The chapel of King’s College has fared better. Like a modest northern wild-flower, its beauties are hidden from the common gaze of the peering tourist, but to the adepts who examine them they are of no ordinary character. From the difficulty of working the indigenous granite, and the cost of importing freestone, the Gothic builders of this district seem to have been frugal in their stone decorations, so that the glory of King’s College consists in its interior wood-work of carved oak, worked in architectural forms, like fairy masonry. We question if there is anywhere a collection of specimens of Gothic fretwork more varied and delicate.
It is difficult to conceive anything more depictive of high and daring educational aspirations than the planting of this beautiful edifice in so distant a spot, as the place of worship of those students who were to flock to it from the wild hills and dreary moors of the north. Its founder was Bishop Elphinston, an ardent scholar, a traveller, and a frequenter of the Continental universities, who might rather have been expected, had he followed the dictates of his refined tastes instead of his conscientious convictions, and his zeal for the spread of learning, to have spent his days among the Continental scholars, than to have carried their learning across the Grampians. The character of the foundation may be derived from the following abstract of the Bull of erection of 1495, prefixed to the Spalding edition of the Fasti Aberdonienses.

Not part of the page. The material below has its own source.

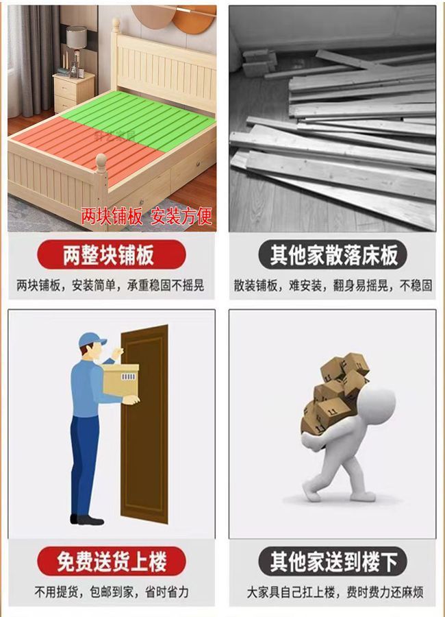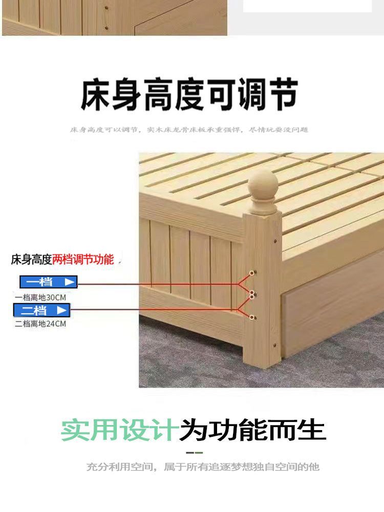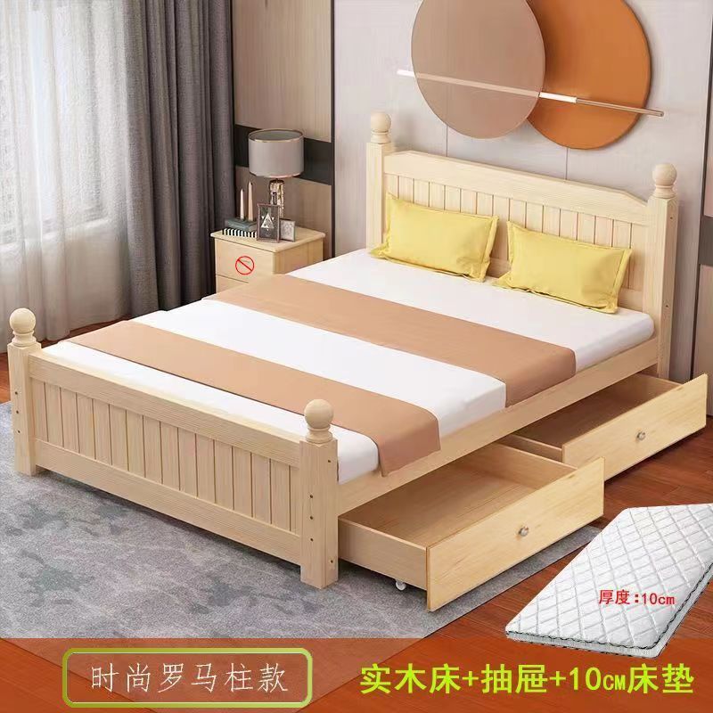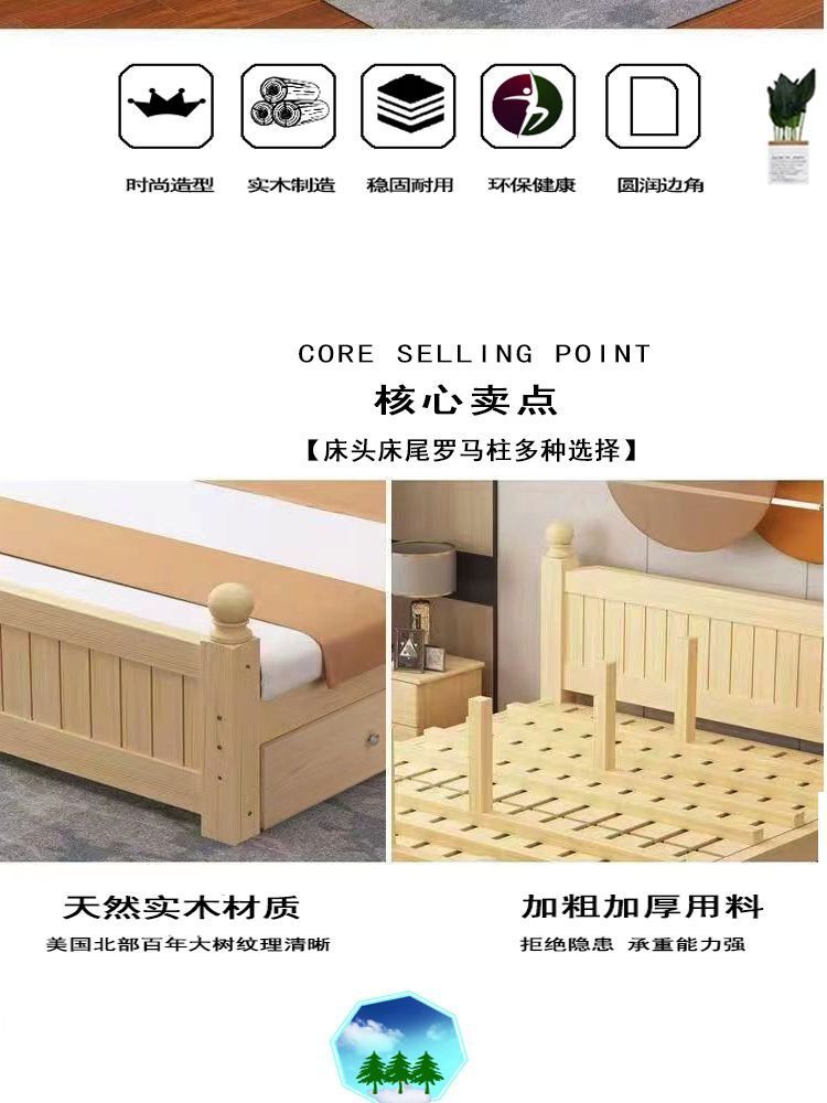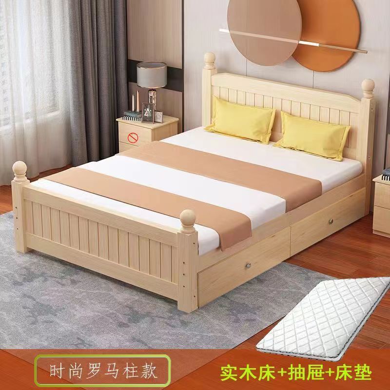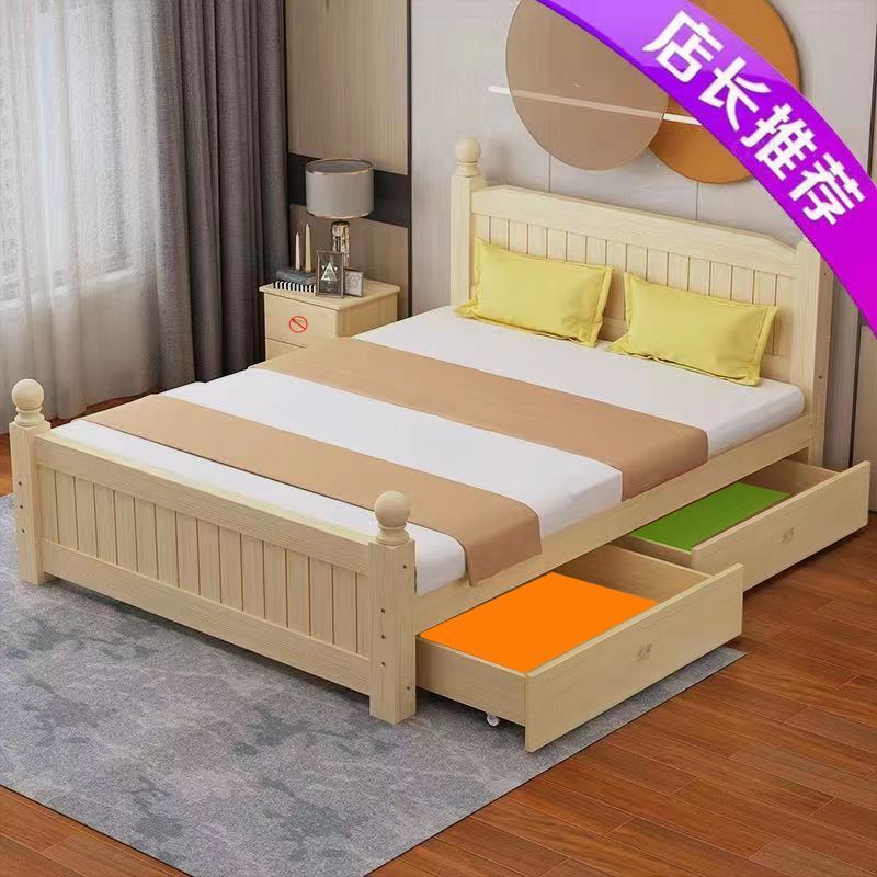 全实木床1.5m家用床双人1.8m现代简约经济型出租房1m单双人简易床

“Bull of Pope Alexander VI., issued on the petition of James IV., King of Scots, which sets forth that the north parts of his kingdom were inhabited by a rude, illiterate, and savage people, and therefore erecting in the City of Old Aberdeen a ‘Studium Generale’ and University, as well for theology, canon and civil law, medicine, and the liberal arts, as for any other lawful faculty, to be there studied and taught by ecclesiastical and lay Masters and Doctors, in the same manner as in the ‘Studia Generalia’ of Paris and Bologna, and for conferring on deserving persons the degrees of Bachelor, Licentiate, Doctor, Master, and all other degrees and honourable distinctions; conferring on William, Bishop of Aberdeen, and his successors, the office of Chancellor, empowering them, or, during the vacancy of the See, the Vicar deputed by the Chapter, to confer these degrees in all the faculties on such well-behaved scholars as shall, after due examination, be deemed fit by the Rector, Regents, Masters, or Doctors of the faculty in which the degree is sought; granting to such graduates full power of teaching in this or any other studium, without any other examination; giving power to the Chancellor or his Vicar, the Rector for the time, and the resident Doctors, with the assistance of a competent number of Licentiates in each faculty, and of circumspect scholars of the said studium, and of two of the King’s Councillors at the least, to make statutes for the good government thereof; and conferring on the students and graduates thereof all the privileges and immunities of any other University. 10 February, 1494–5.”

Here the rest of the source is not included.